Where Professional Models Meet Model Photographers - ModelMayhem

someone please tell me what photo technique was used.


----------



## Derrel (Apr 2, 2010)

Here's what it looks like to me. Main light is high, probably on a boom stand, positioned at about 12:30 to 1 o'clock and just slightly in front of the model; that creates the under-chin shadow, the shadow under her breast on the right hand side of the frame, and it creates the eye catchlights. The bright highlights on the sides of her are created by two flash heads, positioned slightly behind her, and lower than her waist level. I would probably use 20 degree grids on those flash heads, and also fit each head with a barn door set, to prevent light from striking the lens front. You can tell that the side lights are positioned slighly behind her by the darkness (shadows) on her belly area and ribcage area, and by the fact that her jawline on the left side of the photo is "hot",yet no light strikes the top of her head,etc. The side-lighting on the right hand side looks like it comes from a flash head that is a bit higher than the one on the camera-left side.

The backdrop looks like plain gray seamless paper.


----------



## silver163 (Apr 2, 2010)

what about that tone, the skin tone more specifically, was that achieve by the lights?


----------



## molested_cow (Apr 2, 2010)

are you talking about the skin colors?

Hue, saturation etc.


----------



## silver163 (Apr 2, 2010)

can you be more specific in that regards?


----------



## I_amgomez (Apr 3, 2010)

Derrel said:


> Here's what it looks like to me. Main light is high, probably on a boom stand, positioned at about 12:30 to 1 o'clock and just slightly in front of the model; that creates the under-chin shadow, the shadow under her breast on the right hand side of the frame, and it creates the eye catchlights. The bright highlights on the sides of her are created by two flash heads, positioned slightly behind her, and lower than her waist level. I would probably use 20 degree grids on those flash heads, and also fit each head with a barn door set, to prevent light from striking the lens front. You can tell that the side lights are positioned slighly behind her by the darkness (shadows) on her belly area and ribcage area, and by the fact that her jawline on the left side of the photo is "hot",yet no light strikes the top of her head,etc.
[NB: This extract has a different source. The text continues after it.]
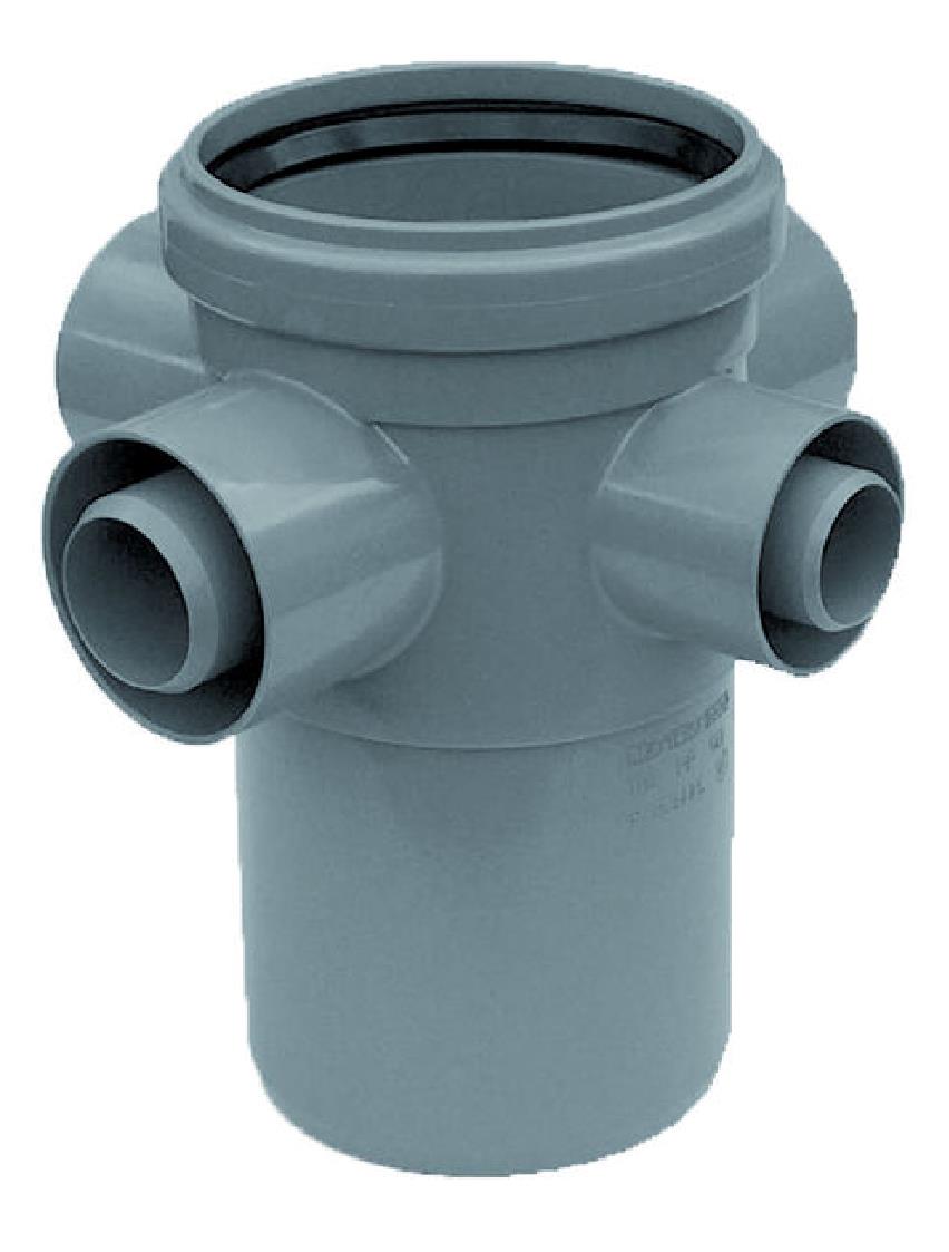PP side inlet with 3 side inlets for 40 mm. pipe socket and 1 inlet for 32 mm. pipe socket. Prepared for floor drain.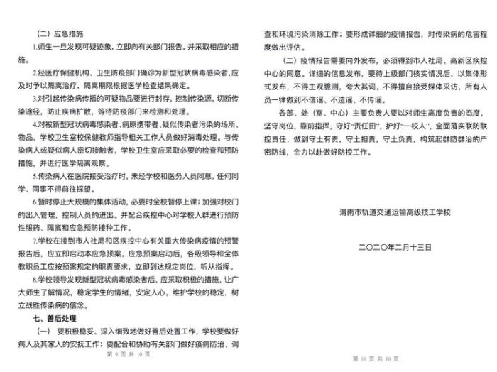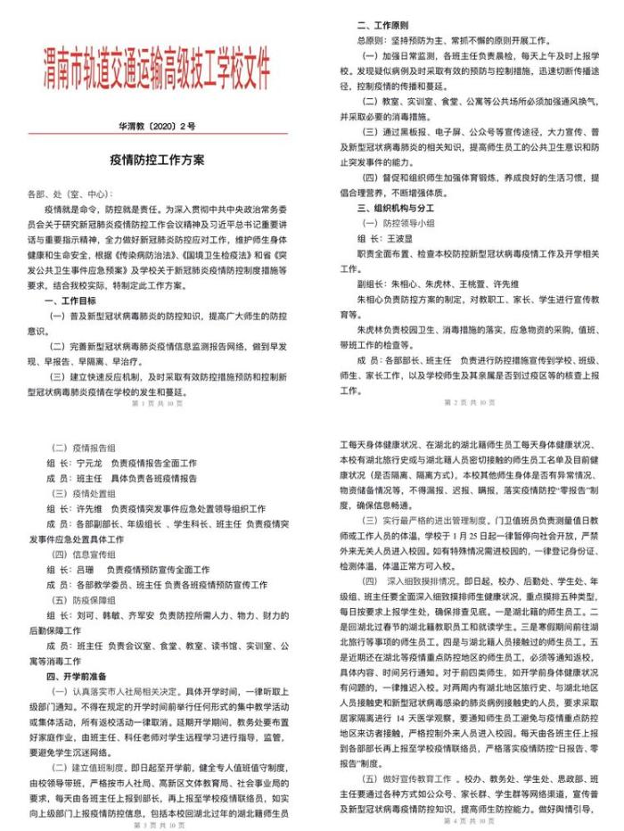 近期工作方向: 1、 防控要提高政治站位,高度重视疫情防控工作。疫情就是命令,防控就是责任。控制疫情蔓延,保障师生安全。是我们每个华山人、轨道人义不容辞的责任和担当,运校将有5000多学生即将返校,在当前疫情防控,陕西省高校疫情防控指南,2020年人社厅关于春季开学防疫指南,渭南市教育局、市人社局、高新区教育局防控指南的指导下,可以清楚地认识到,防控工作责任重大。全体教职员工一定要提高政治站位,任何一个人决不能掉以轻心。全体教职员工和学生都是一个命运共同体,对学生的要求,同样对教职员工要求,每日早午晚体温检查,一刻都不能放松。要精准防控,认真落实,省市区集团学校各类文件要求和工作安排,要扎实开展工作,强化责任意识,要做到守好责任田,护好一校人。要求做到以下四点:一严二清三防四控。一严,严格落实上级文件要求。二清,要政策清,家底清,要把学生教职工寒假的活动和身体情况摸排清楚。三防,一定要防突发事件,防次生事件,防懈怠情绪。四控,控聚集、控流动、控质量、控安全,保证校园这一片净土。 2、要学会感恩,要有担当,要居安思危,如履薄冰。董事长在第一时间开设“华山大讲堂”,用网络将全体师生心聚集在一起,并对全体师生的身体健康情况十分关心,对社会实践一线学生关心关爱,尤其对我校13名湖北籍学生的身体健康高度重视。并且给教职员工及时发放生活费,全体教职员工应心怀感恩。

The side-lighting on the right hand side looks like it comes from a flash head that is a bit higher than the one on the camera-left side.
> 
> The backdrop looks like plain gray seamless paper.
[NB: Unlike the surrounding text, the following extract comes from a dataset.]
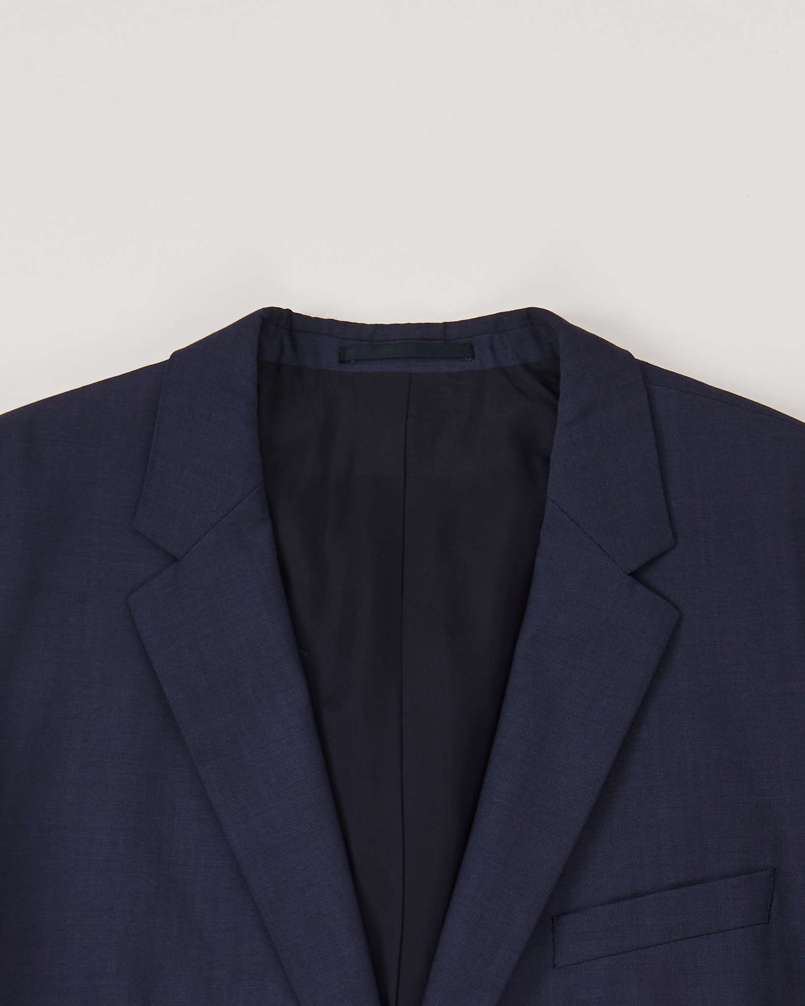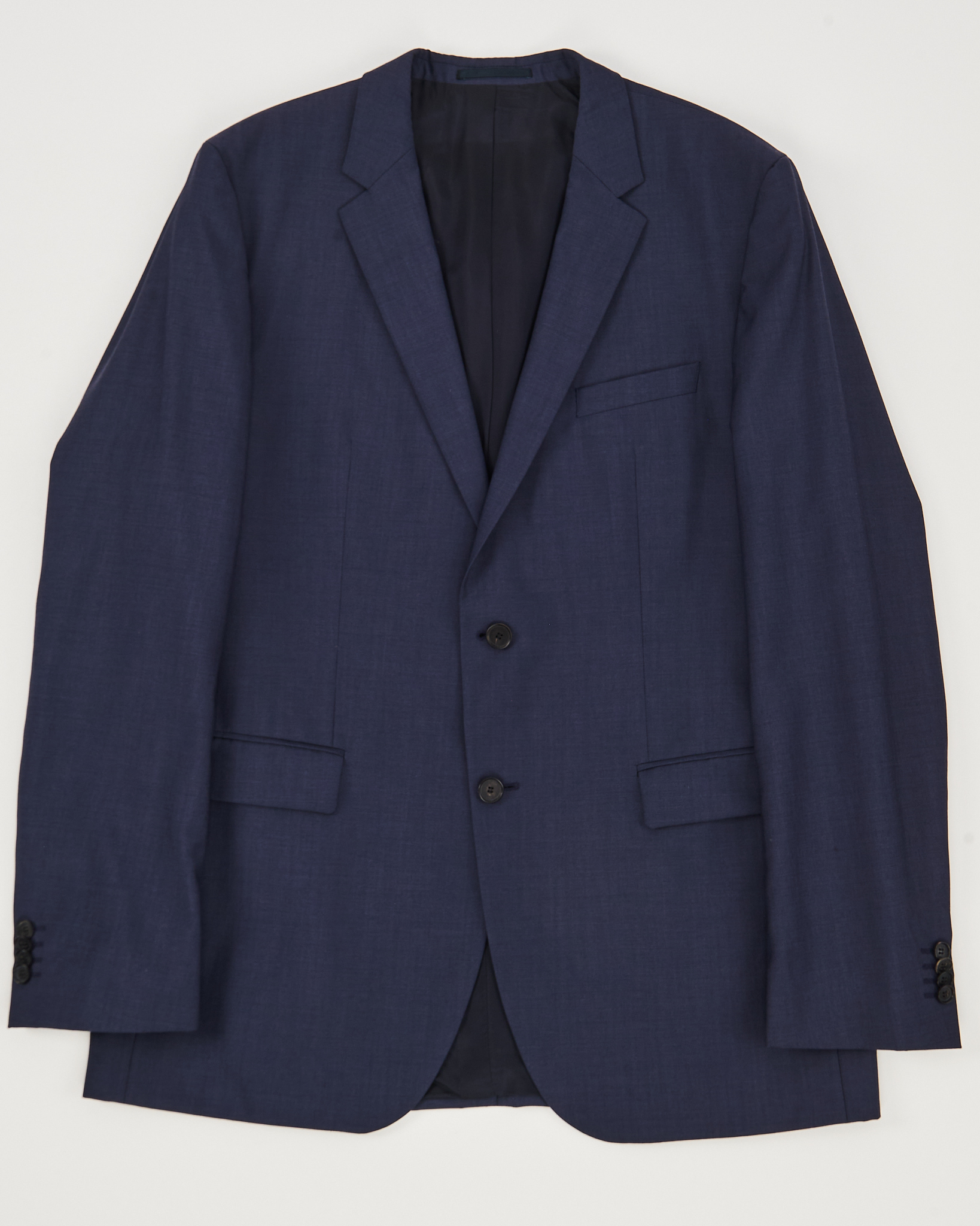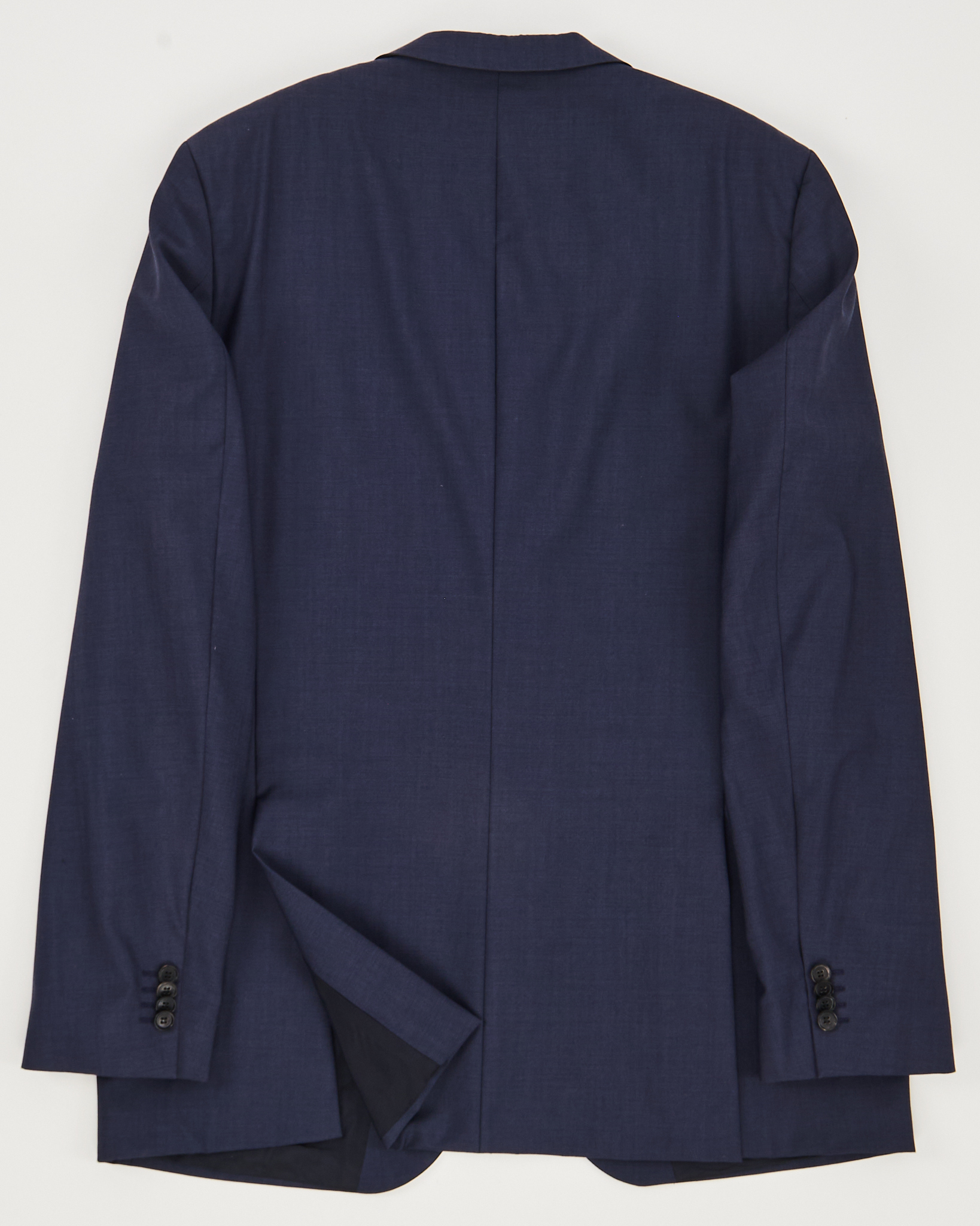 Пиджак Hugo Boss из тонкой шерсти, материал гладкий, с мягкой и ровной фактурой. Глубокий синий цвет, посадка прямая. Двубортный воротник, функциональные карманы.

 it looks as if 2 flash were used and the hue(all the colors in the picture) was either raised or lowered to bring out the skin.


----------



## silver163 (Apr 6, 2010)

molested_cow said:


> are you talking about the skin colors?
> 
> Hue, saturation etc.


yup but what about hte hue and saturation exactly?


----------



## silver163 (Apr 6, 2010)

Derrel said:


> Here's what it looks like to me. Main light is high, probably on a boom stand, positioned at about 12:30 to 1 o'clock and just slightly in front of the model; that creates the under-chin shadow, the shadow under her breast on the right hand side of the frame, and it creates the eye catchlights. The bright highlights on the sides of her are created by two flash heads, positioned slightly behind her, and lower than her waist level. I would probably use 20 degree grids on those flash heads, and also fit each head with a barn door set, to prevent light from striking the lens front. You can tell that the side lights are positioned slighly behind her by the darkness (shadows) on her belly area and ribcage area, and by the fact that her jawline on the left side of the photo is "hot",yet no light strikes the top of her head,etc. The side-lighting on the right hand side looks like it comes from a flash head that is a bit higher than the one on the camera-left side.
> 
> The backdrop looks like plain gray seamless paper.


is there a way to build those lights myself? a way to mimic that strength of the lights?


----------